Die folgenden Ausschlüsse gelten nicht im Rahmen der Versicherung privater Haftpflichtrisiken. Ausgenommen davon ist der Ausschluss zu Sachschäden durch Senkungen von Grundstücken oder Erdrutschungen: Dieser bleibt auch für private Haftpflichtrisiken bestehen.
Ansprüche, die gegen den Versicherungsnehmer wegen Umweltschäden gemäß Umweltschadensgesetz oder anderer auf der EU-Umwelthaftungsrichtlinie (2004/35/EG) basierender nationaler Umsetzungsgesetze geltend gemacht werden. Dies gilt auch dann, wenn der Versicherungsnehmer von einem Dritten aufgrund gesetzlicher Haftpflichtbestimmungen privatrechtlichen Inhalts auf Erstattung der durch solche Umweltschäden entstandenen Kosten in Anspruch genommen wird. Der Versicherungsschutz bleibt aber für solche Ansprüche erhalten, die auch ohne Bestehen des Umweltschadensgesetzes oder anderer auf der EU-Umwelthaftungsrichtlinie (2004/35/EG) basierender nationaler Umsetzungsgesetze bereits aufgrund gesetzlicher Haftpflichtbestimmungen privatrechtlichen Inhalts gegen den Versicherungsnehmer geltend gemacht werden könnten.
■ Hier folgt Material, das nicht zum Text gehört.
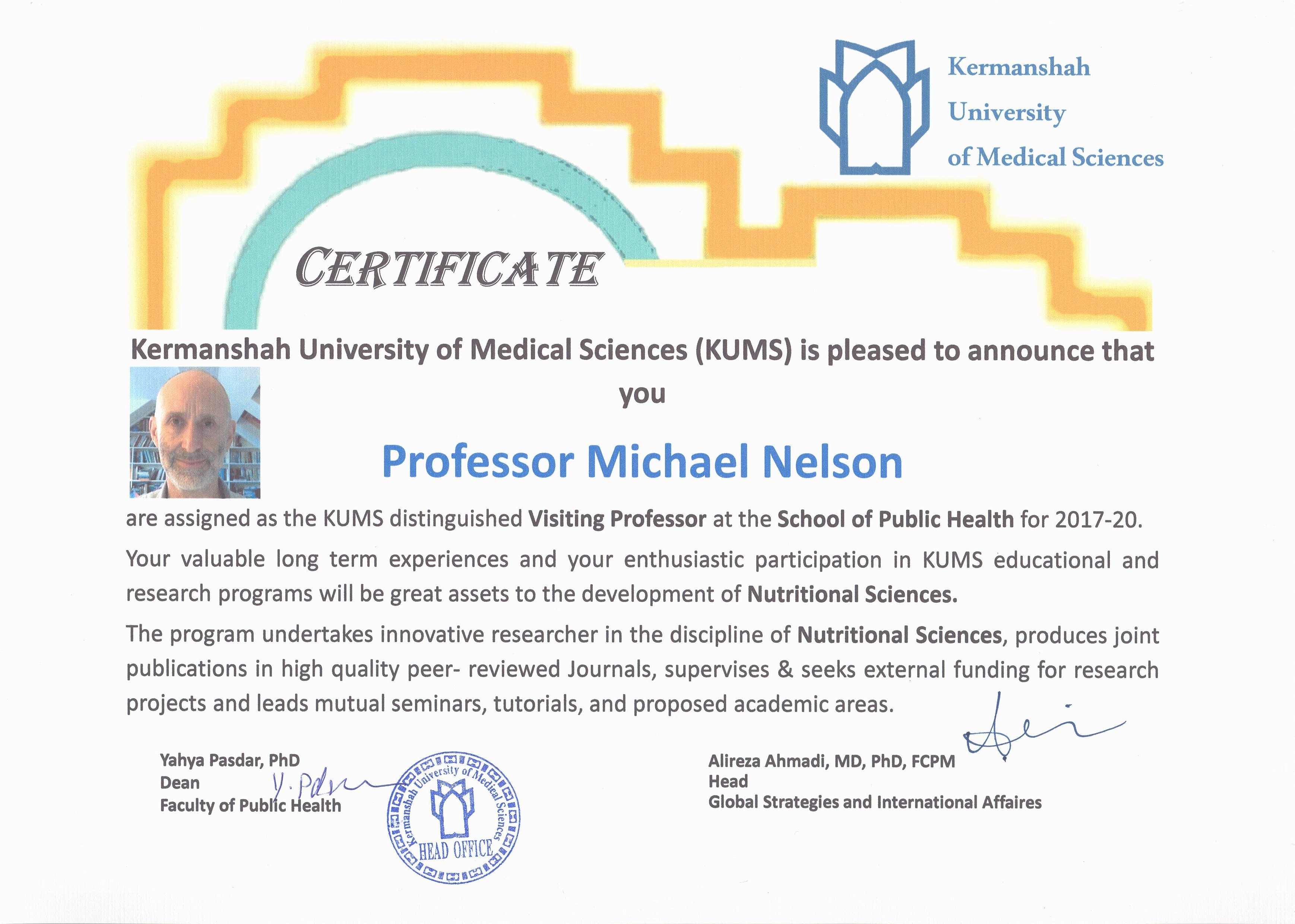 ProfileCertificate Michael Nelson Visiting Professor Phone: Organizational affiliation: +41613255134 E-mail: Department: Michael.nelson@phnresearch.org.uk Nutritional Sciences Certificate Paper

Haftpflichtansprüche wegen Schäden, die auf Asbest, asbesthaltige Substanzen oder Erzeugnisse zurückzuführen sind.
Haftpflichtansprüche wegen Schäden, die in unmittelbarem oder mittelbarem Zusammenhang stehen mit energiereichen ionisierenden Strahlen (z. B. Strahlen von radioaktiven Stoffen oder Röntgenstrahlen).
Haftpflichtansprüche wegen Schäden, die zurückzuführen sind auf
- gentechnische Arbeiten,
- gentechnisch veränderte Organismen (GVO),
- Erzeugnisse, die Bestandteile aus GVO enthalten oder aus oder mit Hilfe von GVO hergestellt wurden.
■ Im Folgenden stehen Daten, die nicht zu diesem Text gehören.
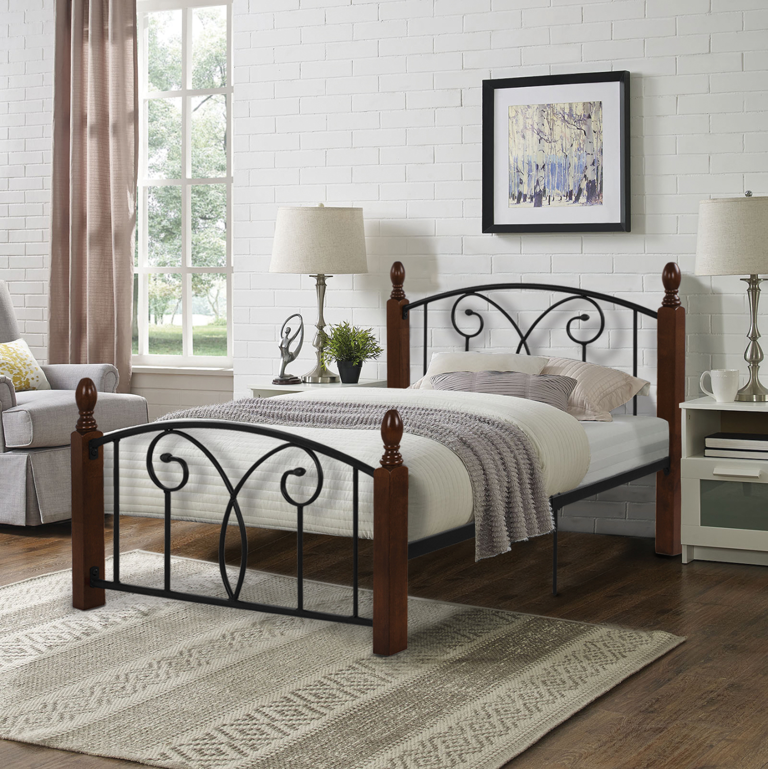 •Το κρεβάτι SUZIE σε διάσταση μονού στρώματος, είναι μια σύνθεση μετάλλου σε ΜΑΥΡΟ χρώμα και ξύλου σε απόχρωση ΚΑΡΥΔΙ. Τα 4 πόδια-κολώνες είναι τα ξύλινα κομμάτια της σύνθεσης, ενώ όλο το υπόλοιπο είναι μεταλλικό.

Haftpflichtansprüche aus Sachschäden, welche entstehen durch
- Abwässer, soweit es sich nicht um häusliche Abwässer handelt,
- Senkungen von Grundstücken oder Erdrutschungen,
- Überschwemmungen stehender oder fließender Gewässer.
Haftpflichtansprüche wegen Schäden aus dem Austausch, der Übermittlung und der Bereitstellung elektronischer Daten, soweit es sich handelt um Schäden aus
- Löschung, Unterdrückung, Unbrauchbarmachung oder Veränderung von Daten,
- Nichterfassen oder fehlerhaftem Speichern von Daten,
- Störung des Zugangs zum elektronischen Datenaustausch,
- Übermittlung vertraulicher Daten oder Informationen.
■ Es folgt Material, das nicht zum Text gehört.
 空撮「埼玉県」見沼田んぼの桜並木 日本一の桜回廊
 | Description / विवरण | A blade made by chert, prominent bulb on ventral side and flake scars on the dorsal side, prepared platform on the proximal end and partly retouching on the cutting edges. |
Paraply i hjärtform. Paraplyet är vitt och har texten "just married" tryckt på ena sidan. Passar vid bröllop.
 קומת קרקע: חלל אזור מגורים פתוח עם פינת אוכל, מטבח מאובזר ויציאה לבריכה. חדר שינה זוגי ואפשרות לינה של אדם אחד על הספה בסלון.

Haftpflichtansprüche wegen Schäden aus Persönlichkeits- oder Namensrechtsverletzungen.
Haftpflichtansprüche wegen Schäden aus Anfeindung, Schikane, Belästigung, Ungleichbehandlung oder sonstigen Diskriminierungen.
Haftpflichtansprüche wegen Personenschäden, die aus der Übertragung einer Krankheit des Versicherungsnehmers resultieren. Das Gleiche gilt für Sachschäden, die durch Krankheit der dem Versicherungsnehmer gehörenden, von ihm gehaltenen oder veräußerten Tiere entstanden sind. In beiden Fällen besteht Versicherungsschutz, wenn der Versicherungsnehmer beweist, dass er weder vorsätzlich noch grob fahrlässig gehandelt hat.
Was bedeutet das konkret?
Dieser Abschnitt zählt auf, welche Haftpflichtansprüche nicht vom Versicherungsschutz gedeckt sind – wenn im Versicherungsschein nichts anderes vereinbart ist. Ausgeschlossen sind etwa vorsätzlich herbeigeführte Schäden, Ansprüche innerhalb der Familie oder zwischen mehreren Versicherten desselben Vertrages, Schäden an gemieteten oder bearbeiteten fremden Sachen sowie Auslandsschäden. Ein zweiter Block betrifft besondere Risiken wie Umweltschäden, Asbest, Strahlen, Gentechnik, bestimmte Sachschäden, Datenschäden und Diskriminierung; diese Ausschlüsse gelten nicht bei privaten Haftpflichtrisiken, mit Ausnahme des Ausschlusses für Senkungen und Erdrutschungen. In einzelnen Fällen bleibt der Schutz erhalten, wenn der Versicherungsnehmer bestimmte Dinge nachweist.
Häufige Fragen
Zahlt die Versicherung, wenn ich einen Schaden absichtlich verursacht habe?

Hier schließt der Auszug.